We are unaware of any private insurance company that has
similar restrictions. Accordingly,
the DAV is opposed to the provisions contained in Section 1 of this
measure.
Section 2 (a) of this bill would extend the Native American
Veterans Housing Loan Pilot Program to 2005, similar to the provisions
in H.R. 1929. As noted,
the DAV has no objection to extending this program.
Section 2 (b) and subsection (c) would make additional
modifications to section 3762 (a)(1) and 3714 (d) respectively.
The DAV has no position on these changes.
Section 3 of this legislation would eliminate the requirement
that an appellant, seeking to obtain review by United States Court of
Appeals for Veterans Claims, provide a copy of said notice of appeal
to the Secretary of Veterans Affairs.
The DAV is not opposed to favorable consideration by the
Subcommittee of this provision.
H.R.
2361
This measure would increase the rate of disability
compensation, dependency and indemnity compensation, additional
compensation for dependents, and the clothing allowance by the
percentage of annual increase in the cost of living, with rounding
down of the adjusted rates to the next lowest whole-dollar amount.
These increases would be effective December 1, 2001.
Mr. Chairman, the DAV supports favorable consideration of this
measure. However, we
continue to oppose rounding down of compensation increases, and we
urge this Subcommittee and the full Committee to reject
recommendations to extend the sunset provisions of this deficit
reduction provision or to permanently extend rounding down provisions.

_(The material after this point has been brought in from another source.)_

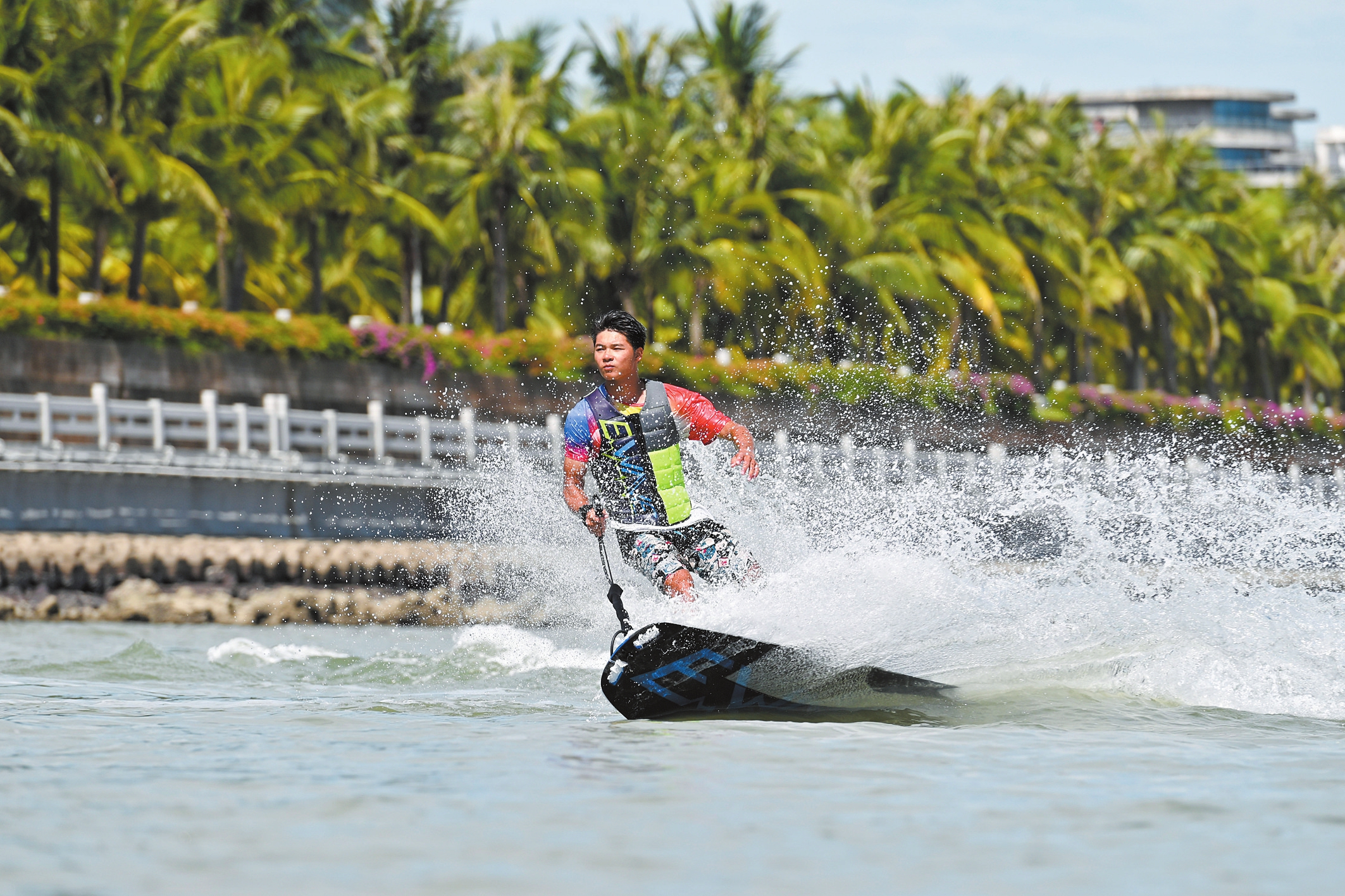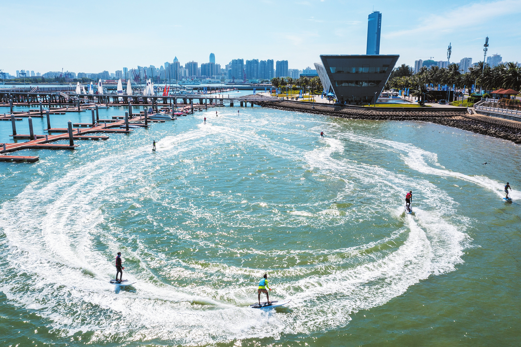 8月5日至6日,海口市国家帆船基地公共码头热闹非凡,2023海口杯帆船赛在这里举办。比赛中,电动冲浪板表演精彩纷呈,选手们乘风破浪高高跃起,在海面上划出美妙的弧线,激情澎湃的海上运动向市民游客展示着海口的城市魅力。

Before I close, I would like to commend the members of the full
Committee for their swift action earlier this year in passing H.R.
801. As originally passed by the House, H.R. 801 provided for
increases in the amount of assistance for automobile and adaptive
equipment and specially adapted housing.
Unfortunately, the Senate removed these provisions from the
bill, which was later signed into law, as Public Law 107-14, enacted
on June 5, 2001.
I would encourage this Subcommittee to continue to pursue
passage of these important provisions.
These provisions are of great benefit to our more seriously
disabled veterans. Congress
has not protected these important benefits from the severe effects of
inflation and increased costs over the years.
The value of these benefits has substantially eroded through
the years.
This concludes my statement, Mr. Chairman.
I would be pleased to respond to any questions you may have.